A typical syntax looks like this:

df.groupby("key").applyInPandas(custom_function, schema)

Here, custom_function is a user-defined function (UDF) that accepts a Pandas DataFrame and returns another, while schema defines the structure of the output DataFrame. Spark handles the parallelization by splitting the data by groups and running the UDF across worker nodes. Each group is sent as a pandas DataFrame to the UDF, which preserves row order and allows running custom, stateful algorithms (e.g., rolling windows, and cumulative calculations).



Example

We can use applyInPandas on our customers_orders table to calculate the average quantity of orders per country.
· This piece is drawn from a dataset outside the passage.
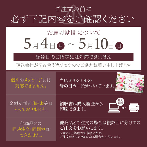5月4日から5月10日の母の日マザーウィーク期間中にお届けいたします。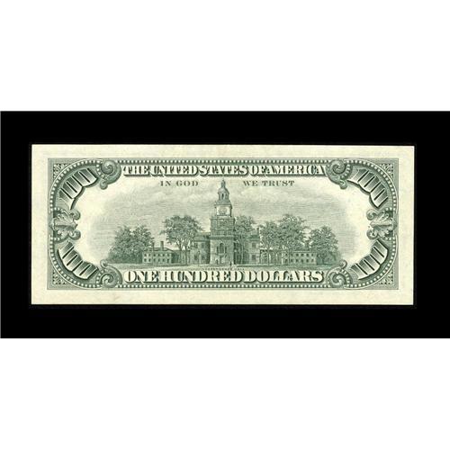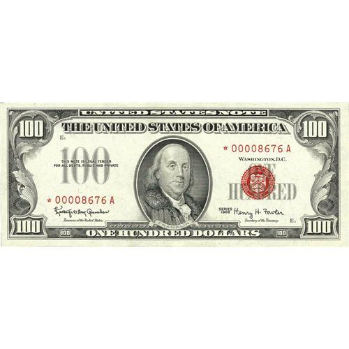 <B>Fr. 1550* $100 1966 Legal Tender Note. About Uncirculated.</B></I><BR>Wide margins and a dark red overprint are displayed by this lightly handled star. The back reveals a trace of blue ink. Still a scarce and popular star note.

Here’s an example in PySpark:



import pandas as pd
 
schema = "country STRING, avg_quantity DOUBLE"
 
def avg_per_country(pdf):
    return pd.DataFrame({
        "country": [pdf["country"].iloc[0]],
        "avg_quantity": [pdf["quantity"].mean()]
    })
 
df = spark.table("customers_orders")
result = df.groupBy("country").applyInPandas(avg_per_country, schema)
display(result)


The output will display the average quantity per country, as follows:

| country      | avg_quantity |
|--------------|--------------|
| Afghanistan. | 1.4          |
| Albania      | 1.2          |
| Angola       | 1.5          |
| Argentina    | 1.6          |
| Armenia      | 1.5          |


In practice, applyInPandas is widely used in data science workflows, particularly when analysts want to integrate Pandas’ rich ecosystem (such as NumPy, SciPy, or scikit-learn) into scalable Spark pipelines.